Stored entries
○ ○ ○

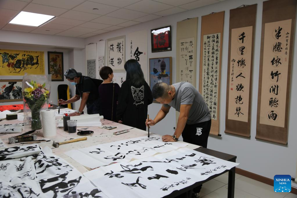 Artists write Chinese calligraphy during a thematic exhibition in New York, the United States, Sept. 9, 2022. A thematic exhibition of traditional Chinese calligraphy and painting works kicked off Friday in Flushing Chinatown of New York City on the occasion of the Mid-Autumn Festival, which falls on Saturday this year. (Xinhua/Liu Yanan)
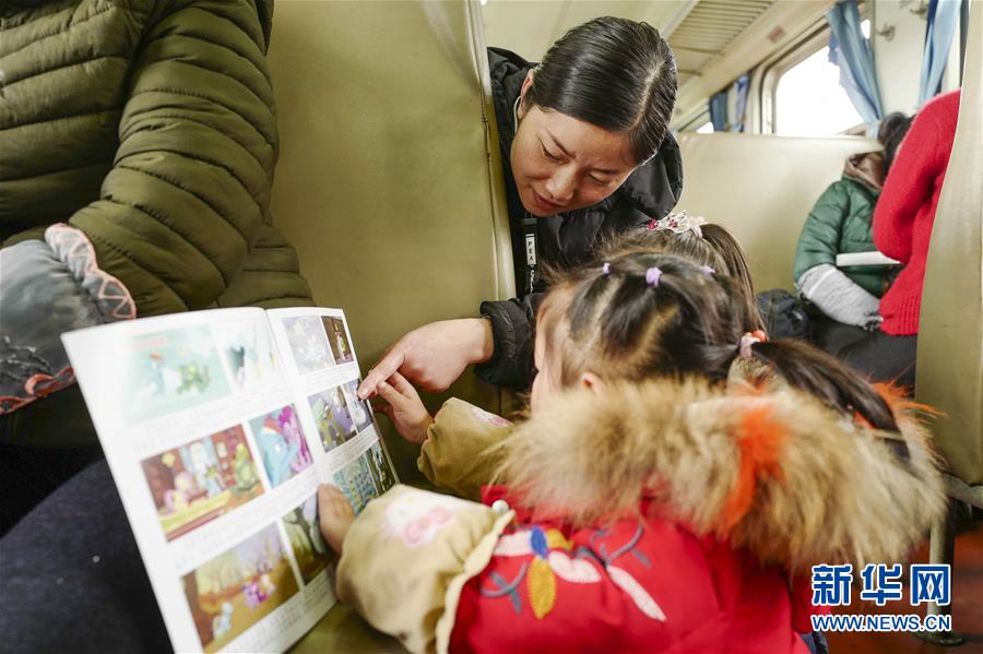 1月31日,在5612次绿皮“小慢车”上,一位母亲给小女孩讲故事书。 新华社记者 刘潺 摄
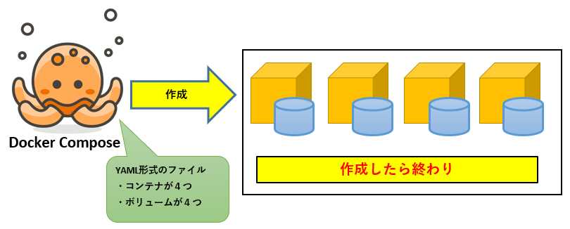 初期状態YAMLファイルで「コンテナ×個、ボリューム〇個」という構成を定義します。
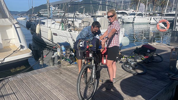 This was the case with Karl and Bronwyn — it helped that Bronwyn was a New Zealander (“Are you Aussies?”) and before you know it we were standing there chatting away and handing over our boat card. They had cycled from the UK to Bulgaria earlier in Summer and were now heading back home again, all by bike. Their next stop was Budva, same as us, so we agreed to try catch up for a drink there.
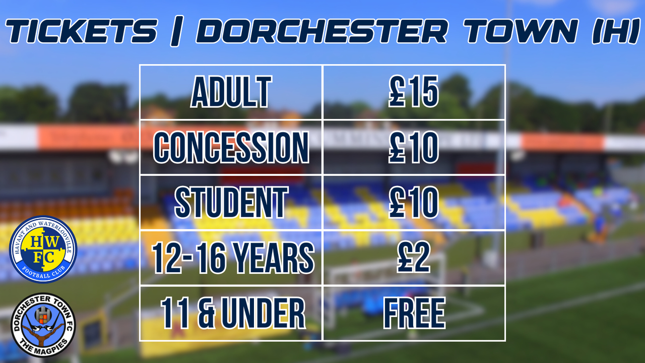 Tickets can be purchased in advance here: https://havantandwaterloovillefc.ticketco.events/uk/en/e/havant__waterlooville_vs_dorchester_town__wednesday_14th_january_2026

○ ○ ○

→ **Your instructions**: Your answer must be the lines from the one containing "初期状態YAMLファイルで「" through the final line of the entries, duplicated exactly, with both ends kept and all pictures left out.

→ **Written reply**:
 初期状態YAMLファイルで「コンテナ×個、ボリューム〇個」という構成を定義します。
 This was the case with Karl and Bronwyn — it helped that Bronwyn was a New Zealander (“Are you Aussies?”) and before you know it we were standing there chatting away and handing over our boat card. They had cycled from the UK to Bulgaria earlier in Summer and were now heading back home again, all by bike. Their next stop was Budva, same as us, so we agreed to try catch up for a drink there.
 Tickets can be purchased in advance here: https://havantandwaterloovillefc.ticketco.events/uk/en/e/havant__waterlooville_vs_dorchester_town__wednesday_14th_january_2026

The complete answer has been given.